§ Supplied data:
----

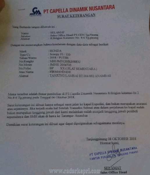 Tak bertanggungjawabnya PT Capela Dinamik Mandiri ini terungkap atas surat jawaban yang dilayangkan Firman hari ini, Jumat 25 Oktober 2018. Firman mempertanyakan sehubungan dengan pembelian motor Honda merek Scoopy dari saya (Firmanda) dengan Perusahaan saudara. (bukti pembelian terlampir).
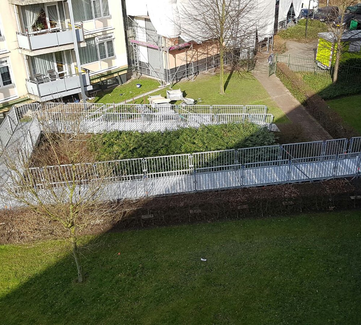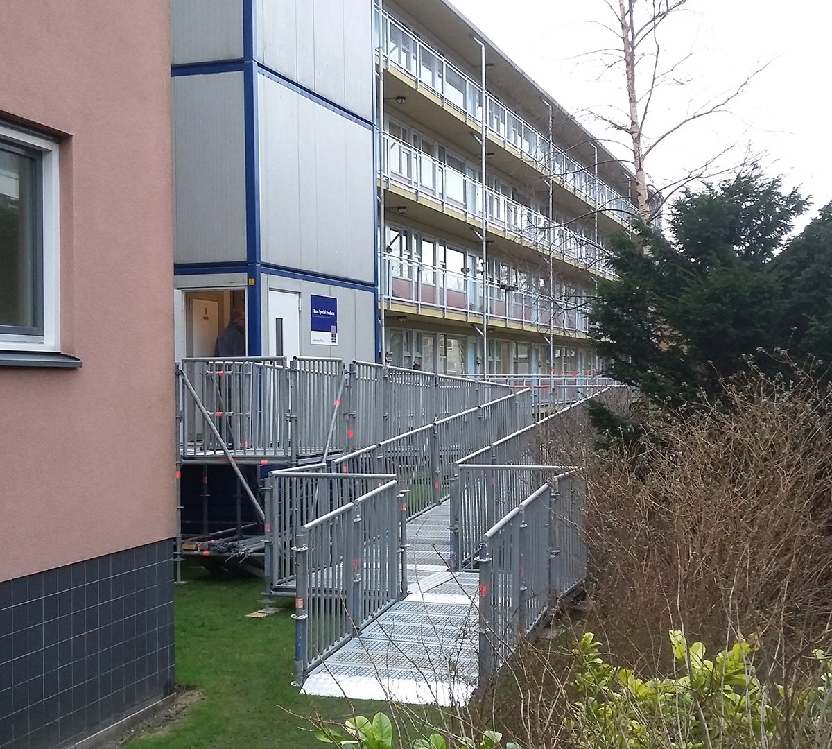 De begane grond van de gebouwen zit op 1,50 meter vanaf het straatwerk, de liften gaan vanaf deze vloer naar de overige verdiepingen. De begane grondvloer moest dus ook nog begaanbaar gemaakt worden voor de bewoners, hiervoor plaatste RECO tijdelijke hellingbanen bij de personenliften. Deze hellingbanen zijn extra ‘lui’ uitgevoerd zodat de liften voor iedereen goed bereikbaar zijn. Dankzij de liften en de hellingbanen blijft de overlast die de bewoners ondervinden aan de werkzaamheden minimaal.
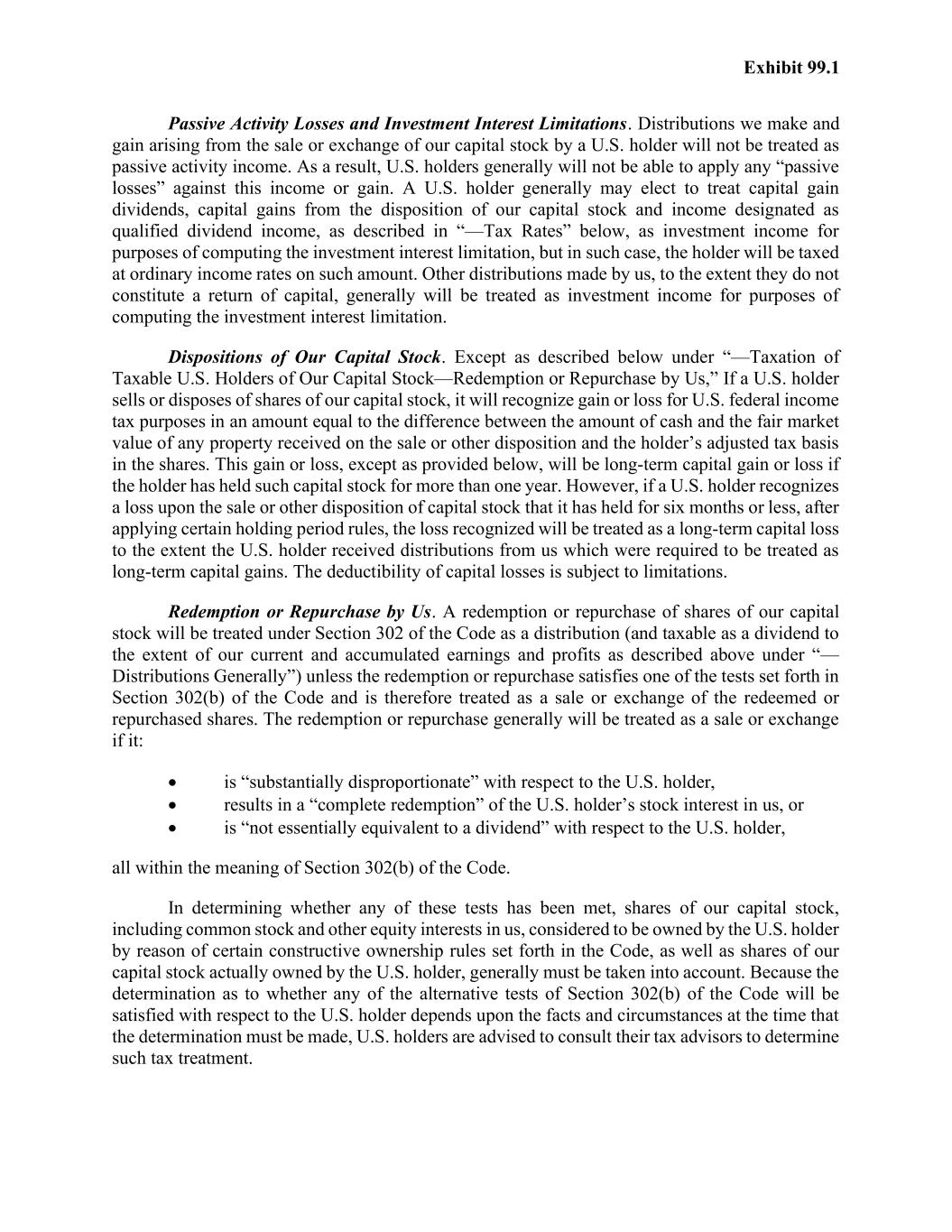 Exhibit 99.1 Passive Activity Losses and Investment Interest Limitations. Distributions we make and gain arising from the sale or exchange of our capital stock by a U.S. holder will not be treated as passive activity income. As a result, U.S. holders generally will not be able to apply any “passive losses” against this income or gain. A U.S. holder generally may elect to treat capital gain dividends, capital gains from the disposition of our capital stock and income designated as qualified dividend income, as described in “—Tax Rates” below, as investment income for purposes of computing the investment interest limitation, but in such case, the holder will be taxed at ordinary income rates on such amount. Other distributions made by us, to the extent they do not constitute a return of capital, generally will be treated as investment income for purposes of computing the investment interest limitation. Dispositions of Our Capital Stock. Except as described below under “—Taxation of Taxable U.S. Holders of Our Capital Stock—Redemption or Repurchase by Us,” If a U.S. holder sells or disposes of shares of our capital stock, it will recognize gain or loss for U.S. federal income tax purposes in an amount equal to the difference between the amount of cash and the fair market value of any property received on the sale or other disposition and the holder’s adjusted tax basis in the shares. This gain or loss, except as provided below, will be long-term capital gain or loss if the holder has held such capital stock for more than one year. However, if a U.S. holder recognizes a loss upon the sale or other disposition of capital stock that it has held for six months or less, after applying certain holding period rules, the loss recognized will be treated as a long-term capital loss to the extent the U.S. holder received distributions from us which were required to be treated as long-term capital gains. The deductibility of capital losses is subject to limitations. Redemption or Repurchase by Us. A redemption or repurchase of shares of our capital stock will be treated under Section 302 of the Code as a distribution (and taxable as a dividend to the extent of our current and accumulated earnings and profits as described above under “— Distributions Generally”) unless the redemption or repurchase satisfies one of the tests set forth in Section 302(b) of the Code and is therefore treated as a sale or exchange of the redeemed or repurchased shares. The redemption or repurchase generally will be treated as a sale or exchange if it: is “substantially disproportionate” with respect to the U.S. holder, results in a “complete redemption” of the U.S. holder’s stock interest in us, or is “not essentially equivalent to a dividend” with respect to the U.S. holder, all within the meaning of Section 302(b) of the Code. In determining whether any of these tests has been met, shares of our capital stock, including common stock and other equity interests in us, considered to be owned by the U.S. holder by reason of certain constructive ownership rules set forth in the Code, as well as shares of our capital stock actually owned by the U.S. holder, generally must be taken into account. Because the determination as to whether any of the alternative tests of Section 302(b) of the Code will be satisfied with respect to the U.S. holder depends upon the facts and circumstances at the time that the determination must be made, U.S. holders are advised to consult their tax advisors to determine such tax treatment.
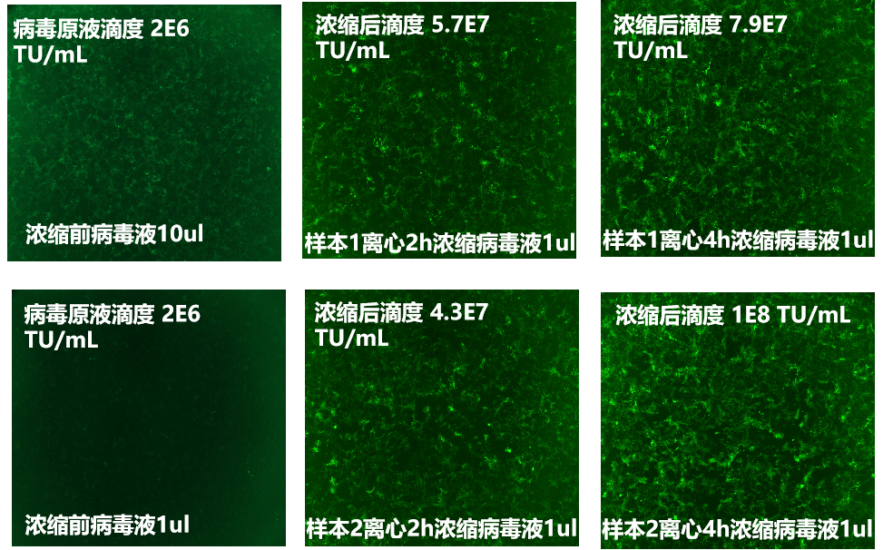 4. 回收的病毒活性滴度高。本產(chǎn)品在濃縮過程中能保持病毒生物活性,能在同等病毒添加量下,達(dá)到更好的染毒效果。
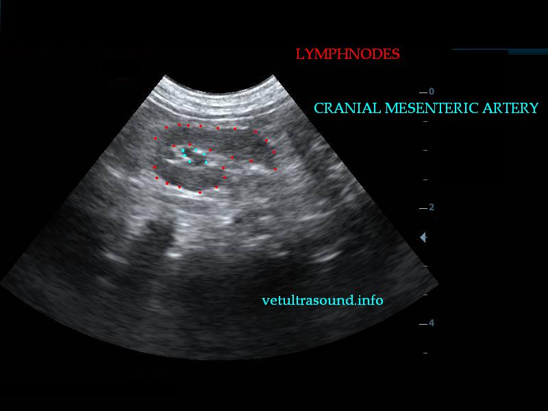 Findings: There was a mild enlargement of the mesenteric lymphnodes(pic3). In a small segment of the small intestine a cyst was noted which was attached to the intestinal wall(pic2.3). There were also dilated intestinal loops before the cyst due to the narrowed intestinal lumen. No free fluid was noted. There was a mild increase of the mesenteric fat arround the cyst.
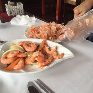 ハロン湾では、出港後おいしいシーフードを堪能。私は酔いやすく、船の揺れを心配しましたが、ほとんど揺れず快適でした。食事は6人が1テーブルでしたが、ご一緒したツアーの方とも途中から談笑したり、お料理も1皿をシェアしていく形でしたが、どれもとてもおいしかったです。
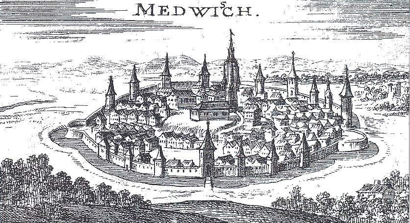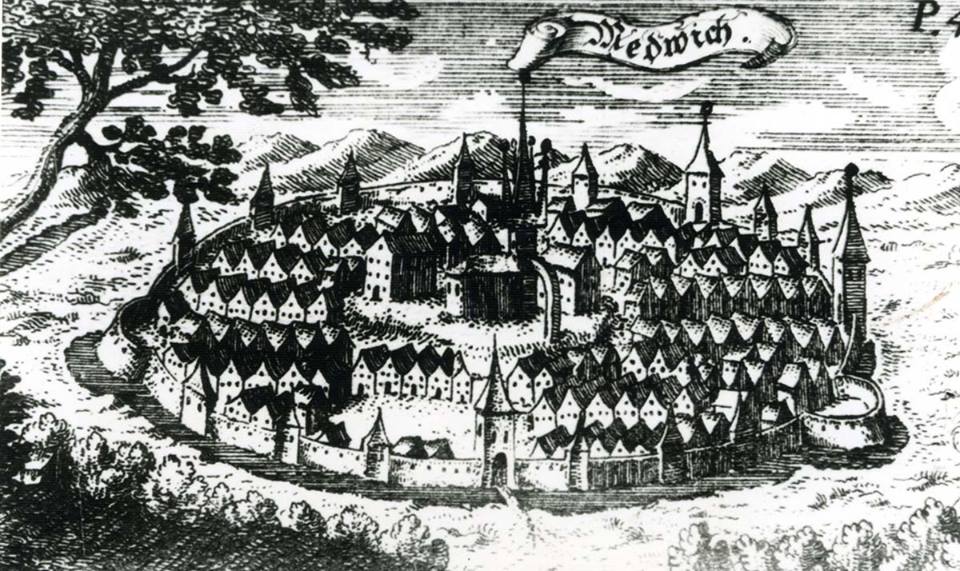 Mediaș, oraș cu bogată tradiție și istorie, este ilustrat în unele dintre cele mai vechi gravuri care i-au fost atribuite cu certitudine. Cea mai veche dintre acestea a fost realizată în 1666 de Hans Jacob Schollenberger și publicată în lucrarea Das Alt und Neu Teutsch Dacia de Johannes Tröster, la Nürnberg.
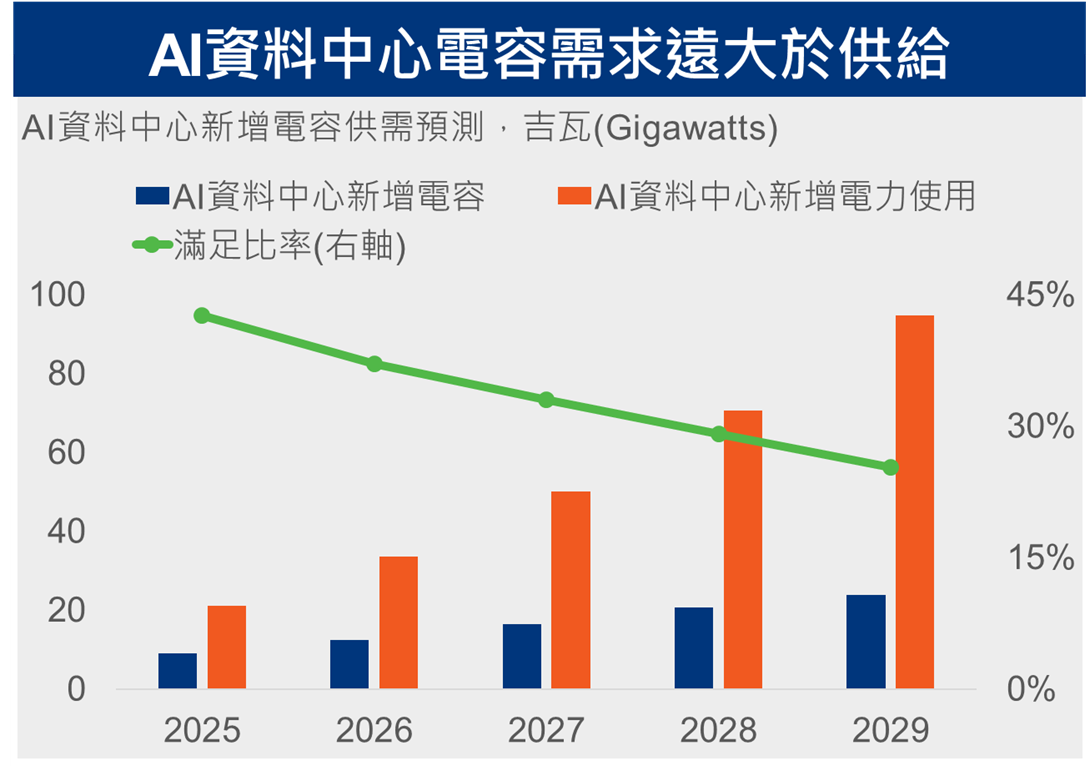 2️⃣ 根據AI晶片訂單估計資料中心電力需求顯示,電力需求缺口持續擴大
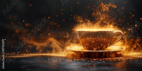 Stylish Dark Background Banner with Coffee Cup and Steam
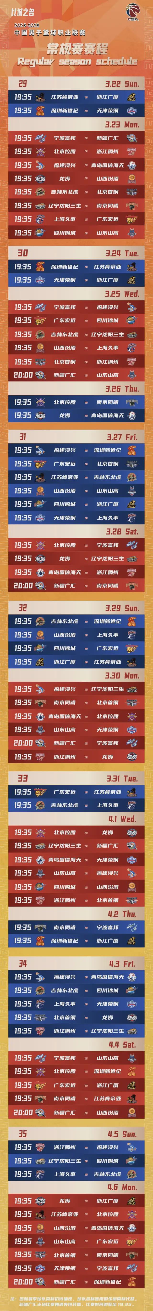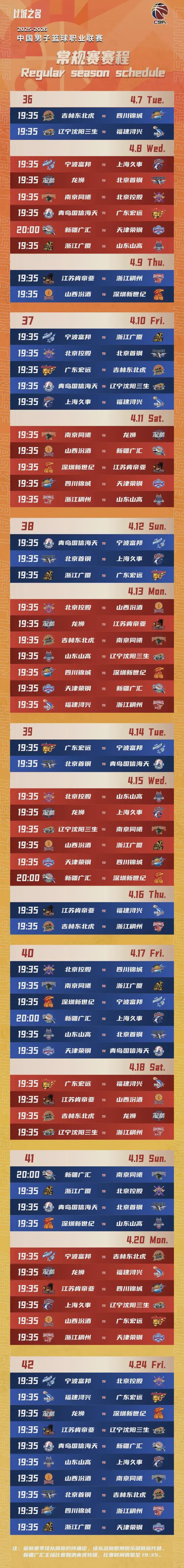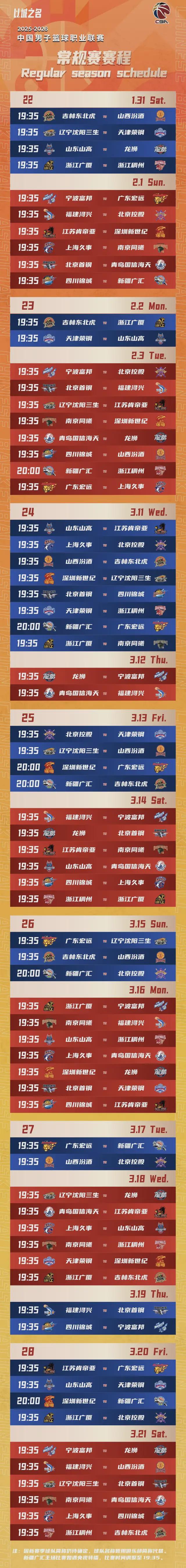 新赛季CBA常规赛赛程出炉,请一键收藏!

----

§ Exercise objective: Print the stretch of the data from the line with "Mediaș, oraș cu" through its last line, exactly and with both ends kept. Omit pictures.

§ Answer for this exercise:
 Mediaș, oraș cu bogată tradiție și istorie, este ilustrat în unele dintre cele mai vechi gravuri care i-au fost atribuite cu certitudine. Cea mai veche dintre acestea a fost realizată în 1666 de Hans Jacob Schollenberger și publicată în lucrarea Das Alt und Neu Teutsch Dacia de Johannes Tröster, la Nürnberg.
 2️⃣ 根據AI晶片訂單估計資料中心電力需求顯示,電力需求缺口持續擴大
 Stylish Dark Background Banner with Coffee Cup and Steam
 新赛季CBA常规赛赛程出炉,请一键收藏!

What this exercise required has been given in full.